Bose-Einstein condensation (BEC) of a noninteracting Bose gas of N particles in a two-dimensional box with Dirichlet boundary conditions is studied. Confirming previous work, we find that BEC occurs at finite N at low temperatures T without the occurrence of a phase transition. The conventionally-defined transition temperature TE for an infinite 3D system is shown to correspond in a 2D system with finite N to a crossover temperature between a slow and rapid increase in the fractional boson occupation N0/N of the ground state with decreasing T. We further show that TE ~ 1/log(N) at fixed area per boson, so in the thermodynamic limit there is no significant BEC in 2D at finite T. Thus, paradoxically, BEC only occurs in 2D at finite N with no phase transition associated with it.
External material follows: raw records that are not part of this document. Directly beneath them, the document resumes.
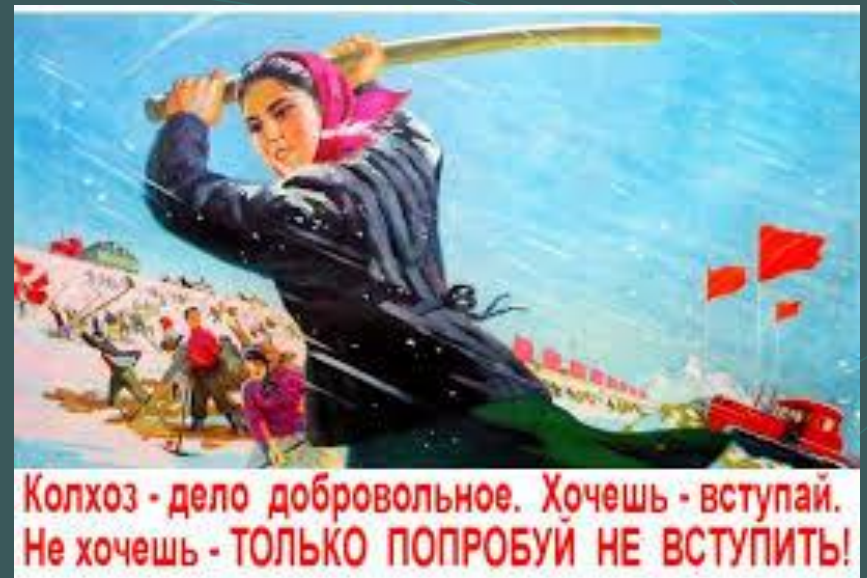
плакаты того времени
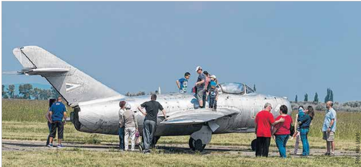
Ha a felszállást nem is, a beszállási engedélyt megadták
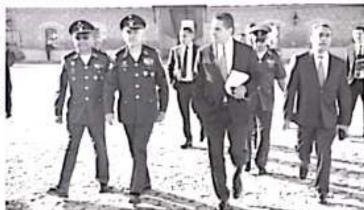
En estos cuatro años hemos logrado avances importantes, como el abatimiento de delitos de alto impacto, el fortalecimiento de la infraestructura y del Estado de Fuerza.
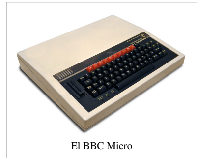
El BBC Micro

La BBC se interesó en hacer una serie en alfabetismo en computadores, y envió una propuesta para que un pequeño computador estandarizado fuera usado con el show. Después de examinar varios participantes, seleccionaron lo que era conocido entonces como el Acorn Proton e hicieron un número de cambios menores para producir el BBC Micro. El Micro era relativamente costoso, lo que limitó su atractivo comercial, pero con un mercadeo extenso, el soporte de la BBC y la gran variedad de programas, eventualmente se vendieron como 1,5 millones de unidades del sistema. Acorn fue rescatada de la oscuridad, y se fue a desarrollar el procesador del ARM (Acorn RISC Machine) para accionar los siguientes diseños. El ARM es ampliamente usado hasta el día de hoy, accionando una amplia variedad de productos como el iPhone.
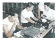
H1 文化祭でアマチュア無線交信
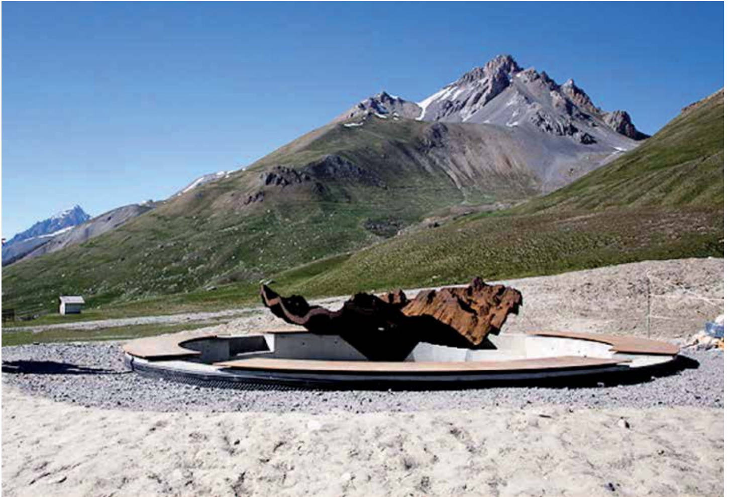
David Renaud, "Table Relief", VIAPAC Via per l'Arte Contemporanea, Col de Larche, Alpes de Hautes Provence, 2012.

e porta la riflessione sul complesso rapporto uomo-ambiente, prospettando un approccio non limitato alla dimensione del parco.

Calculations of thermodynamic properties versus T and area A are presented, including Helmholtz free energy, entropy S , pressure p, ratio of p to the energy density U/A, heat capacity at constant volume (area) CV and at constant pressure Cp, isothermal compressibility kappaT and thermal expansion coefficient alphap, obtained using both the grand canonical ensemble (GCE) and canonical ensemble (CE) formalisms. The GCE formalism gives acceptable predictions for S, p, p/(U/A), kappaT and alphap at large N, T and A, but fails for smaller values of these three parameters for which BEC becomes significant, whereas the CE formalism gives accurate results for all thermodynamic properties of finite systems even at low T and/or A where BEC occurs.